Fears over a bird flu outbreak in China sent markets tumbling to multi-month lows on Monday, casting doubt over whether 2013 could still be the breakout year for Chinese equities.
Opening for trade after a two-day holiday last week, the Shanghai Composite fell close to 2 percent on Monday to its lowest level since December 25 while the Shenzhen Composite hit a near 3-month low. Meanwhile, Hong Kong's Hang Seng Index hit its weakest level since November at 2,612 points. All three indices have managed to pare some losses since hitting those lows.
The early falls were triggered by reports over the weekend that confirmed 21 reported cases of bird flu with the death toll rising to six.
Aviation stocks suffered the brunt of the losses with Shanghai-listed Air China falling nearly 4 percent, China Eastern Air losing 3.5 percent and Shanghai International Airport slipping over 4 percent.
But is Monday's sell-off merely a knee-jerk reaction or could it lead to a prolonged downtrend?
"We can all safely say we've seen this movie before.
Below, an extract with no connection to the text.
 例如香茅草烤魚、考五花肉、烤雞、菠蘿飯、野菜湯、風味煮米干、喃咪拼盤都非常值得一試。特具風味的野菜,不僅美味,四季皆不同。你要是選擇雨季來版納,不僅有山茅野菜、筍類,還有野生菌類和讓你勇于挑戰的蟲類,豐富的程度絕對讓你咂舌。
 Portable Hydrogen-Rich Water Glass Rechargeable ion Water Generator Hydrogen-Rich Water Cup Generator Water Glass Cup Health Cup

We saw in 2009 with swine flu when stocks were off about 10 percent, rebounded very quickly within a month and then doubled," said Timothy Ross, head of Asia Pacific Transport Research at Credit Suisse on CNBC's "Cash Flow."
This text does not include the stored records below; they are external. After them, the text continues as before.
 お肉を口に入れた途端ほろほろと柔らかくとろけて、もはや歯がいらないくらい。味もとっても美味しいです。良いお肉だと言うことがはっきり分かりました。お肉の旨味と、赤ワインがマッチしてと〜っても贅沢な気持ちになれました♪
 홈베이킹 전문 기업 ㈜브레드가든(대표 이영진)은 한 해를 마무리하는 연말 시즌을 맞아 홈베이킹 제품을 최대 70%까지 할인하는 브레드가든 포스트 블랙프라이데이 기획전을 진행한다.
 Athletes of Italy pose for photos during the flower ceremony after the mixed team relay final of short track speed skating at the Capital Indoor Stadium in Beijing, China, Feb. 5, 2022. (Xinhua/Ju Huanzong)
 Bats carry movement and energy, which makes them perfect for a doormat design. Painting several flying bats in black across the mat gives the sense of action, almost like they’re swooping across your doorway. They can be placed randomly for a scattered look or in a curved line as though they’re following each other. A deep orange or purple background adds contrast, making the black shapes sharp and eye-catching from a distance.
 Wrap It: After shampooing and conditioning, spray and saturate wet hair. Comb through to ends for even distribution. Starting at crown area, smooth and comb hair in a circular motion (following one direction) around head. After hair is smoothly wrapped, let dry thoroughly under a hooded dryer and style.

Analysts at Citi Equity Strategy wrote in a note Monday that "the avian flu may have limited impact on economic growth and this incident may hurt investment sentiment in the very near-term."
They added that in 2003 when the SARS (Severe Acute Respiratory Syndrome) epidemic broke out, the Shanghai Composite proved to be resilient: "The Chinese equity market held off well at the time when the economy was poised to take off after a few years of adjustment."
(Read More: China: Time of Transition)
The Shanghai Composite notched up gains of over 11 percent in 2003 after SARS was first reported in the spring of that year.
Analysts recommend using the current decline as a buying opportunity, especially for transportation stocks.